Thursday 16th of April 2009

[...] because their “bargain” ideas are pretty far removed from my idea of a bargain($90 jeans, anyone?).  The clothing highlighted in All You is far more reasonable(for instance, they show an $8 skirt [...]


Thursday 13th of November 2008

in thinking about the environment, the economy, and trying to live on less to benefit all, i've been stressed by the clothing factor.

i'm just thinking out loud here as i try to break my own thoughtless not-so-good habits (buying cheap despite how stuff is made and who made it because it's all i can afford).

i'm wondering how we all get into the habit of thinking about stuff in a more all-encompassing way? i've started scouring the internet for more sustainable clothing options but then it occurred to me that i need to be looking for used stuff before buying anything new. this would help the pocket-book and slow production of new items thereby also reducing the environmental footprint.

unfortunately business models are based on making a buck (or rather, lots and lots of bucks) so everyone buying less is not in a corporation's best interest. but wouldn't it be nice if more businesses made the connection between people wanting to have good choices and then offer good choices and continue to make lots of bucks?

all businesses need to evolve to offer sustainably produced items (incorporating reusable/recycled materials in their products wherever possible) but also sell them for a reasonable cost. but they won't do it unless consumers show them this is what they want...or unless it is mandated.

i want to be able to wear things that look good, feel good, and that didn't require the harming of humans or the planet during production. i want to know that the people who made my clothes are getting a living wage and fair treatment.

instead of everyone trying make do with the system and finding ways to save a little here and there, everyone needs to come together to figure out how to fix the system.

i love this video, great starting point:

i'll end my stream of consciousness here. thanks for your blog and for spawning discussions.


Wednesday 5th of November 2008

I read a book a while back where the author said she had a limited amount of money and HAD to have a new dress and she talked about praying before she went to the stores. It struck me as weird, but just recently when I HAD to have a couple new pairs of jeans (holes in all of mine, literally, lol), I prayed (what the heck) and headed off to the thrift store. I found three pair of levis, brand new looking, and one with the tags still on them in my size for three dollars a piece. $120? I don't think so...

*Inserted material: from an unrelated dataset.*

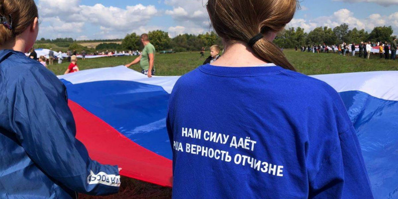 Накануне Дня Российского флага активисты «Молодой Гвардии», депутаты и волонтёры «Единой России», представители патриотических и молодёжных объединений развернули гигантские ленты в цветах российского триколора.

Wednesday 5th of November 2008

Women's fashion articles drive me nuts. Even magazines I really enjoy like Oprah's will have an article about saving money a few pages away from a ridiculously overpriced item. I understand they need ads but I really hate the "articles" that are just promotions for expensive stuff.

The Penny Pincher

Wednesday 5th of November 2008

There is another option: wait a few months or a year and buy the $128 par of jeans for a few dollars at the local thrift store. You would be amazed at some of the deals that my wife and I have found shopping in used clothes stores. Brand new clothes for less than $10. You get the quality at a fraction of the cost.